DOCGroup / ACE_TAO

ACE and TAO
https://www.dre.vanderbilt.edu/~schmidt/TAO.html
701 stars 381 forks source link

ACE/TAO Wide Strings on Linux #2145

Open wkbrd opened 1 year ago

wkbrd commented 1 year ago

Discussed in https://github.com/DOCGroup/ACE_TAO/discussions/2144

Originally posted by **wkbrd** October 16, 2023 We are attempting to use wide strings (CORBA::WChar*) on Linux, however we are finding that the encoding does not seem to behave as expected for characters whose representations do not fit into a single UTF-16 character. On Linux, wchar_t is a 32-bit type. When a wide string comes over the wire, including from other ORBs, the default behavior is that each character in the string is the next 16-bit unit of the UTF-16 representation of the string, rather than the next character in the native UTF-32 layout. Is this intended?
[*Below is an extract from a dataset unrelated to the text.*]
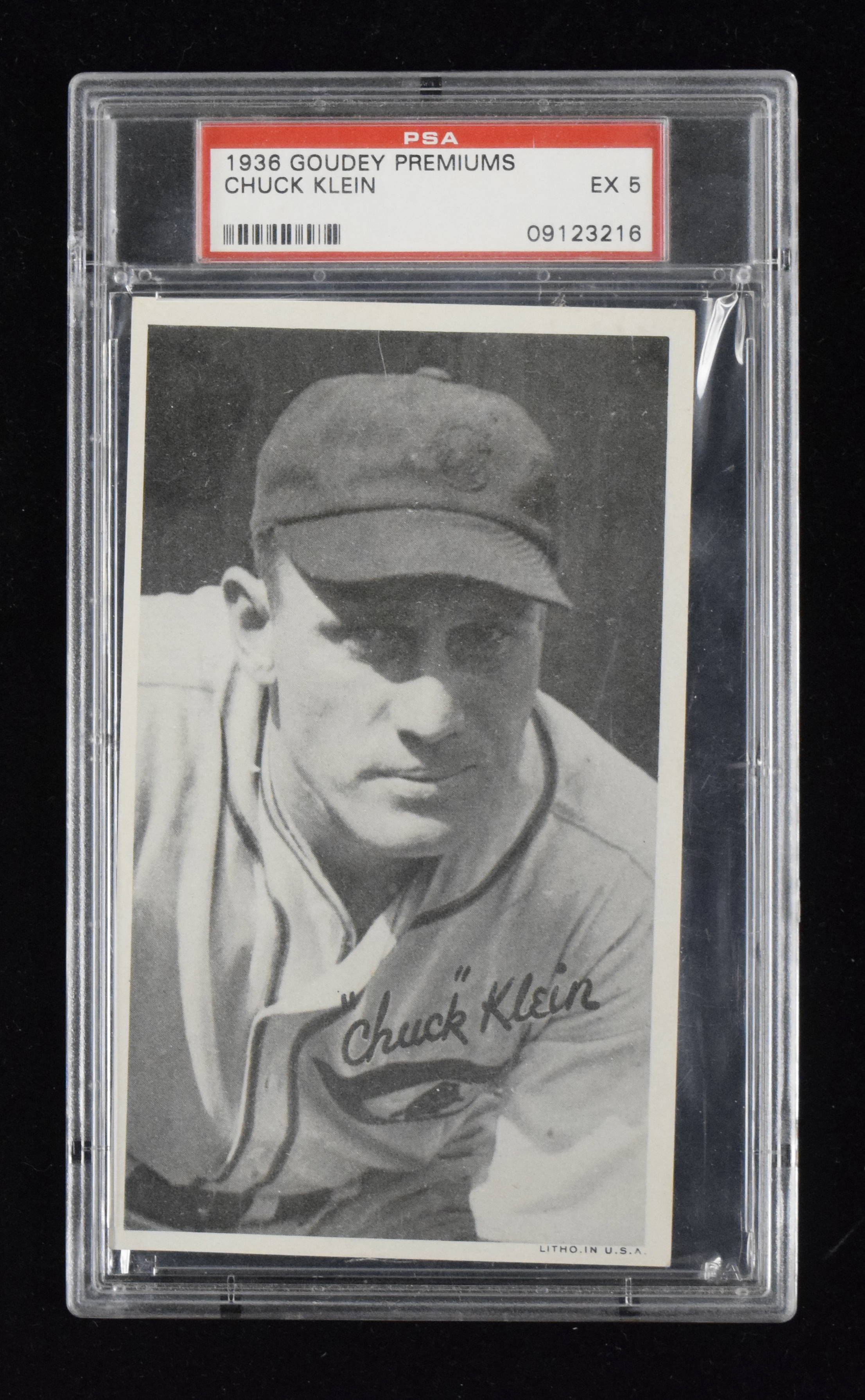 Description:1936 Goudey Premiums Chuck Klein (PSA 5 EX). Nice mid-grade card of the Hall of Famer is centered slightly to the left with four touched corners. Blank back is clean: PSA 5 EX.

For example, 🂡🂮🂭🂫🂪 is being marshaled as L"\xd83c\xdca1\xd83c\xdcae\xd83c\xdcad\xd83c\xdcab\xd83c\xdcaa" A search of the source tree found references to -ORBNativeWcharCodeSet UCS-4 -ORBWcharCodesetTranslator WUCS4_UTF16_Factory in TAO/tests/CodeSets/simple/. Use of -ORBNativeWcharCodeSet UCS-4 produces an outcome where the string is represented as an array of wchar_t twice the length of the UTF-32 representation where each pair of elements are filled with the low 16 bits of the UTF-32 character followed by the high 16 bits of the UTF-32 character. For example, 🂡🂮🂭🂫🂪 is being marshaled as L"¡\001®\001¬\001«\001ª\001" > (gdb) print /x wstrStreamName[0] $2 = 0xf0a1 (gdb) print /x wstrStreamName[1] $3 = 0x1 (gdb) print /x wstrStreamName[2] $4 = 0xf0ae (gdb) print /x wstrStreamName[3] $5 = 0x1 (gdb) print /x wstrStreamName[4] $6 = 0xf0ad (gdb) print /x wstrStreamName[5] $7 = 0x1 (gdb) print /x wstrStreamName[6] $8 = 0xf0ab (gdb) print /x wstrStreamName[7] $9 = 0x1 (gdb) print /x wstrStreamName[8] $10 = 0xf0aa (gdb) print /x wstrStreamName[9] $11 = 0x1 (gdb) print /x wstrStreamName[10] $12 = 0x0 (gdb) print /x wstrStreamName[11] $13 = 0x0 Character reference: https://en.wikipedia.org/wiki/Playing_cards_in_Unicode

Based on discussion content, we proceeded to attempt to use WUCS4_UTF16.cpp, though encountered issues. The associated PR addresses the issues.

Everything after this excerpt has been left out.